I think we should use the default (PRAGMA temp_store = FILE) unless
we encounter a serious problem with it. I believe that this was changed
to MEMORY because that helps with the ridiculous amount of queries we're
doing at the moment. But with the handful of queries we're issuing with
Branko's patch, and the amount of data pulled into a temporary table,
we're more likely to hit the problem where temporary tables don't fit
into memory. When that happens, we fail if temp_store is MEMORY,
and we get a bit slower if temp_store is FILE. Getting a bit slower
is better than failing.
I also think that we shouldn't be changing sqlite default settings unless
there is a very good reason. We're (mostly?) not database developers, so
we're probably better off relying on defaults chosen by sqlite devs.

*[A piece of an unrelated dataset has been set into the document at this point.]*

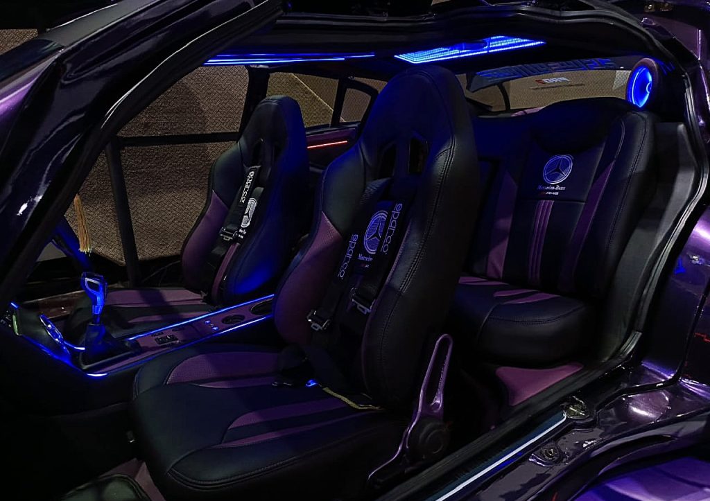 Bagian dalam? Jangan tanya. Lampu RGB interior dan logo Mercedes menyala di antara kursi racing full backlight, menjadikan kabin sebagai lounge eksklusif di luar angkasa.

> Or, even better: make it configurable for the user (client-side config
> file, or something wc-specific (?)), so he can make the choice between
> memory and speed for himself.
That would be interesting to add, and would allow our users to help
us find out whether we might want to flip the default to MEMORY in
the future (e.g. for Subversion 1.8).
> A lot of wc databases out there will be
> so small that the user will hardly notice the memory increase.
All we'd be doing is allowing sqlite to flush data to disk if needed.
Even with a temporary table backed by a file, most operations happen in
memory. Either in buffers managed by sqlite or the operating system's
buffer cache (until sqlite does an fsync). So for small databases it
shouldn't make a difference.
Received on 2011-02-07 21:52:16 CET